Observed RVs of Different Lengths in a Linear Model


First, thank you for the amazing work on PyMC3.

I’m trying to build a linear model where the independent variables are not the same length. Using the actual values or creating ObservedRVs gives me an Input dimension mis-match. As a workaround, a colleague suggested creating two parameters, one that is observed and one that isn’t that share hyper-parameters, then use the UnobservedRVs in the linear model. This works to some extent, as the trace for the UnobservedRV matches the sample_ppc for the ObservedRV, but I can’t get the hyper-parameters to converge and I get some pretty wonky traceplots.

Is this the correct way to go about building a linear model with different length independent variables? Is there another option I can try?

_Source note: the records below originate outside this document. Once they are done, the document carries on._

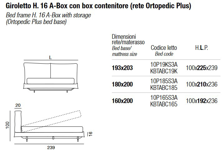 • Academy Piuma Giroletto H. 16 A- con caja de almacenamiento (somier Ortopedic Plus) - 193 x 203 cm
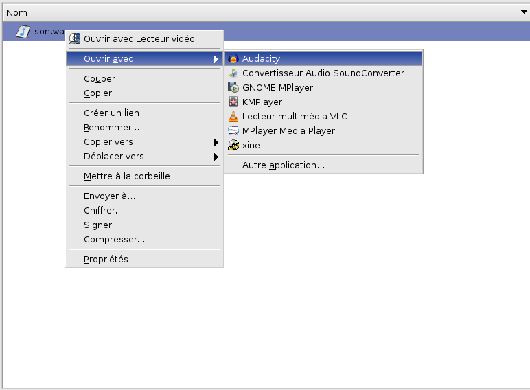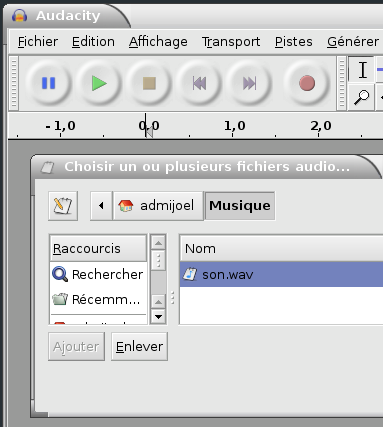 Puis en tapant au clavier Ctrl+O vous obtiendrez la fenêtre pour aller au fichier son.wav et l'ouvrir par clic gauche :
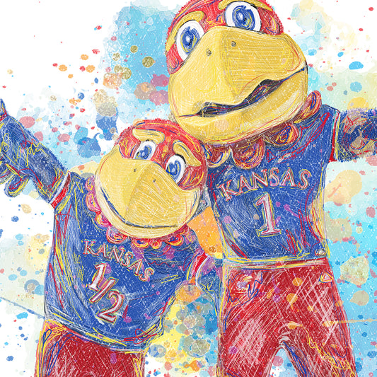 KU Jayhawk Welcoming Art: University of Kansas Big Jay and Baby Jay Splatter Canvas Print
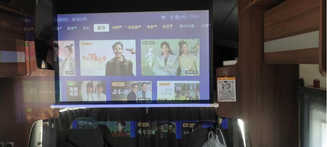 潇肖女士:“我这台房车是依维柯的底盘,内部空间很大,所以我就自己装了个投影仪在里面,想看什么就投什么,比电视好用,即使在户外也能享受到影院级的观影体验。”

Here’s a snippet of how I’m sharing parameters between the RVs, I can provide the full code if that will help

with pm.Model() as model:
    # Priors for gene expression
    hyper_shape = len(genes) * len(datasets)
    hyper_sigma = pm.InverseGamma('hyper_sigma', 2.1, 1, shape=hyper_shape)
    hyper_mu = pm.Normal('hyper_mu', 0, 1, shape=hyper_shape)
    # RVs for Gene expression
    # X is observed and Y isn't, but they share priors
    X, Y = {}, {}
    i = 0
    for gene in genes:
        for name, dataset in datasets:
            key = f'{gene}-{name}'
            X[key] = pm.Normal(f'X-{key}', mu=hyper_mu[i], sd=hyper_sigma[i], observed=dataset[gene])
            Y[key] = pm.Normal(f'Y-{key}', mu=hyper_mu[i], sd=hyper_sigma[i])
    i += 1

I then use the UnobservedRV Y when building the linear model.

Here’s an example of a traceplot I get with just one independent variable.


Usually the recommended way is to unpack/reshape the observed into a 1d vector:
Say your observed is

y = [[1, 2, 4, 6], 
     [0, 1],
     [5] ...]

you turn it into a vector, with the index:

y_new = [1, 2, 4, 6, 0, 1, 5, ...]
y_idx = [0, 0, 0, 0, 1, 1, 2, ...]

And in the model, you do:

pm.Normal('observed', hyper_mu[y_idx], sd=hyper_sigma[y_idx], observed=y_new)

Hope this helps.


Ah, thank you for the reply Junpeng. I should’ve realized that’s the method used in the radon GLM hierarchical model in the PyMC3 docs for county codes.